Asuka turned sharply and saw her young self, staring her down with a vicious look in her eyes.

"You shouldn't be here," Asuka said, strangely unperturbed by the girl's presence.

"I'm tired of being oppressed by you."

"What do you mean!" The panic grew in her voice and her eyes.

"You don't even remember me unless I come to you!" the girl said. "You hated your Angel because you had to remember me!"

"You shouldn't be here!" Asuka said. "I'm not asleep, I'm not in a coma! Go away!"

"You're not crying. Cry for me," the girl said, watching Asuka, a calculating look flashing through her eyes. "Cry with me, Asuka…Die with me, Asuka."

"No! I already said I wouldn't! I won't fight you, too! Go away!"

"Nein."

The young Asuka stepped forward several paces, and Asuka herself resisted the urge to back away.
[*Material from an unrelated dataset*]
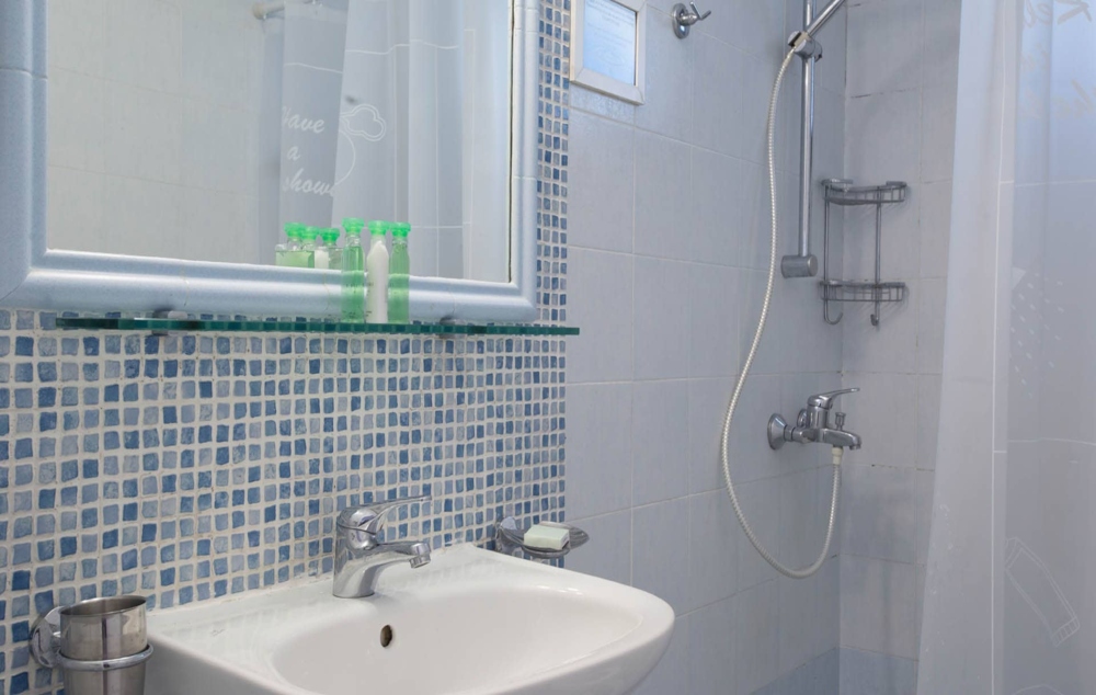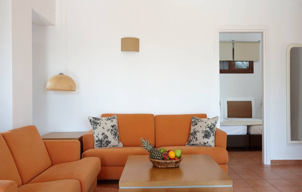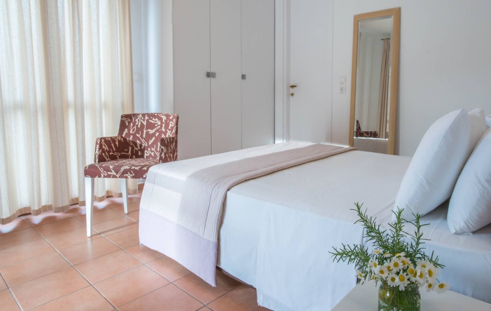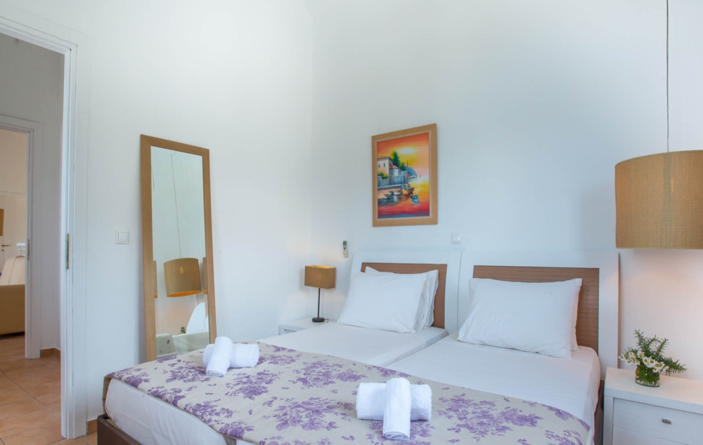 - Τρεις κρεβατοκάμαρες (μία με διπλό κρεβάτι και δύο με μονά κρεβάτια) όλες με ατομικό μπάνιο (ντουζ- στεγνωτήρα μαλλιών), μπαλκόνι και κλιματισμό.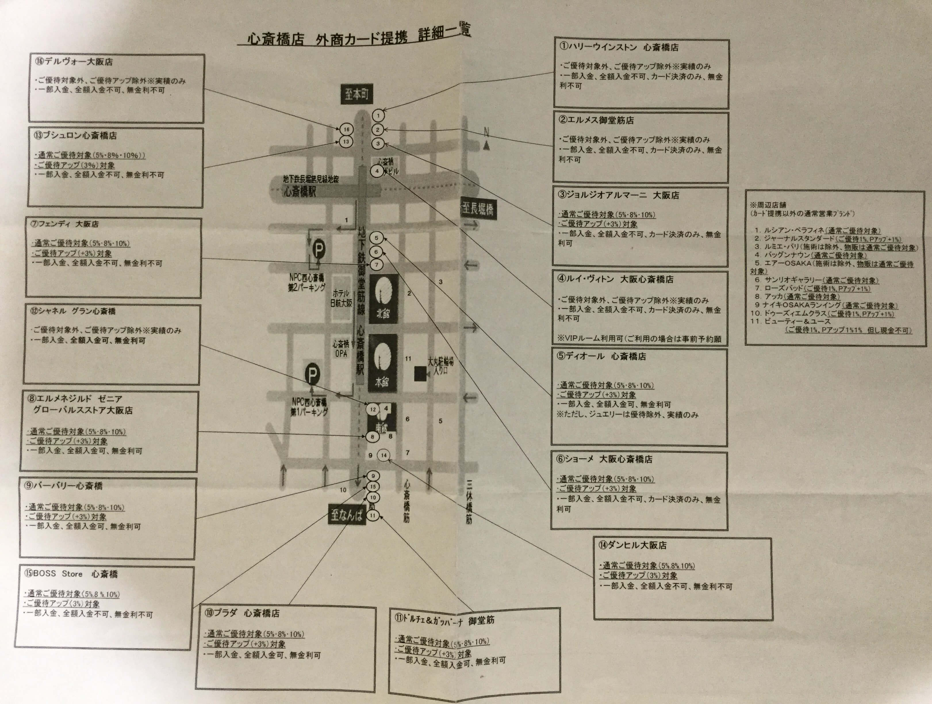 僕は大丸心斎橋店の外商です。大丸心斎橋店は周囲にも高級ブランド店を展開しており、その高級ブランド店が外商の割引対象なのか購入実績になるのか詳細に紹介した以下のような案内が送られてくることがあります。

"Do you hear it?" she asked herself. "The tolling of the bells. Iron bells!"

"Solemn thought…" Asuka whispered.

"And ringing the bells…neither beast nor human…"

Asuka nodded, barely comprehending.

"Go away…"

"Cry with me, Asuka."

"I can't! I won't!"

Against her own will, tears began to pool at the edge of her eyes, finally spilling over and down her cheeks.

"I'm strong! I'm not worthless! I have meaning!"

The little girl vanished immediately, as though Asuka's words were the key to her release. She watched the spot where the child had been, not moving.

Asuka heard a distant ringing. Silver bells, she thought.